With the debut of the new space, Dr. Oklu had intended to provide opportunities for staff to learn about 3D printing — how the printers work and how to order models and guides. After being sidelined by the pandemic, that effort is restarting.

“My plan is to go to every department to present what we do and what we could do,” Dr. Oklu says. “I want to open it up so people can learn what 3D printing is. Everyone’s curious, they just don’t know how to do it.”

He says the lab won’t stray from what Florida and Rochester do on the clinical side. “I try to help, whatever the request is.”

Research, however, is where Dr. Oklu sees his lab distinguishing itself from the other sites. His roles as a clinician investigator and the head of the Laboratory of Patient-Inspired Engineering overlap with his work with 3D printing. Among the many advancements he is exploring are about a dozen biomaterials that he hopes can stop bleeding, deliver targeted therapies to tumors, embolize blood vessels and more.

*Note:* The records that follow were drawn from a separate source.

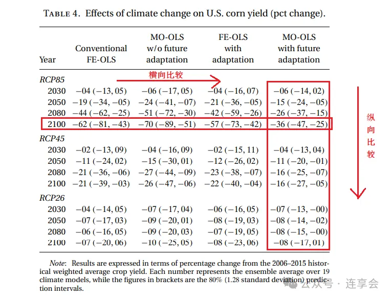 纵向来看,随着温室气体排放量的减少 (RCP85-RCP45-RCP26),KDD 的系数绝对值逐渐减小,适应性作用也随之减弱。以第二列和第四列为例,在 RCP85 排放路径下,到 2100 年,适应行为可减少 34% 的产量损失;在 RCP45 路径下,减少 10%;而在 RCP26 路径下,仅减少 2%。
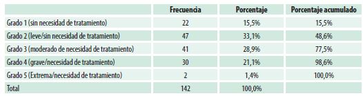Con respecto al Componente de Salud Dental el grado de necesidad de tratamiento de ortodoncia fue de 15,5% grado 1, sin necesidad. El 33,1% fue identificado como grado 2, leve necesidad de tratamiento. El 28,9% fue identificado como grado 3, moderada necesidad de tratamiento. Es decir el 77,5% de los evaluados se encontraron dentro del límite de necesidad de tratamiento, el resto mostro grave y extrema necesidad de tratamiento de Ortodoncia (Tabla 3).
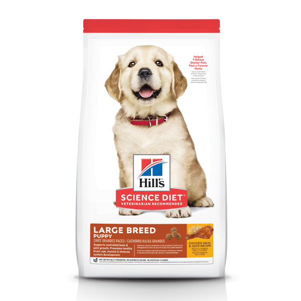Big dogs need lots of love, and Hill's Science Diet Large Breed Puppy dry food is specially made with a delicious chicken flavor and an optimal level of calcium for controlled bone growth - a unique developmental need of large breed puppies. Give your large dog his or her best start in life so they can grow to their full potential with balanced minerals that promote strong bones and strong teeth. This dog food made with natural ingredients uses DHA from fish oil to support your large dog's eye development and brain function. High-quality protein helps your large dog build and maintain muscle.
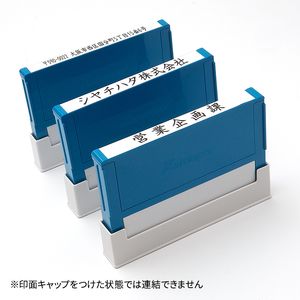 印面キャップを外して立てても印面のインキが紙に付かない、自立式スライド機構を採用。なつ印時の位置合わせにも便利です。
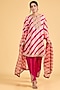 Featuring a red old rose-colored kurta in leheriya spun base. It is paired with pure silk salwar pants and a dupatta. Accentuate with kundan stud earrings, a potli bag and heels for a festive occasion, pooja or sangeet ceremonies.
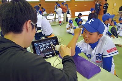 エコー診断では、スポーツドクターや理学療法士ら10人が一人ひとりのひじの状態を調べた。投げ過ぎると、ひじにストレスがかかりはく離骨折などにつながるという。ひじを曲げたり、伸ばしたりしたあと、エコーで確認。病院でのMRI検査が必要な子どもやこのままでは後遺症が残る可能性のある子もいた。印南黒潮の湯川弘監督は「こんなに子どもたちのひじに負担が掛かっているとは思わなかった。きっちり調べてもらい感謝している。とてもいいきっかけになったので今後、より一層注意を払っていきたい」と話した。

“We’re trying to use our materials to treat aneurysms. The hardest part is making a model,” he says. “We’re thinking maybe we can 3D print the aneurysm to tell us that our biomaterial is working.”

Dr. Oklu sees mostly incremental changes on the horizon in additive manufacturing. “The materials are going to change, the printers are going to change — they’re going to become faster, more widely available, maybe even cheaper — but it will still be the same 3D-printed models.”

Biomaterial printing, though, will be the next revolution in 3D printing, he adds, and he hopes the research he is doing in printing aneurysms will help spur that advancement.

“Continued investment will ensure 3D printing remains an important part of patient-focused care at Mayo Clinic,” Dr. Oklu says. “We’ve come a long way, but we’re just getting started.”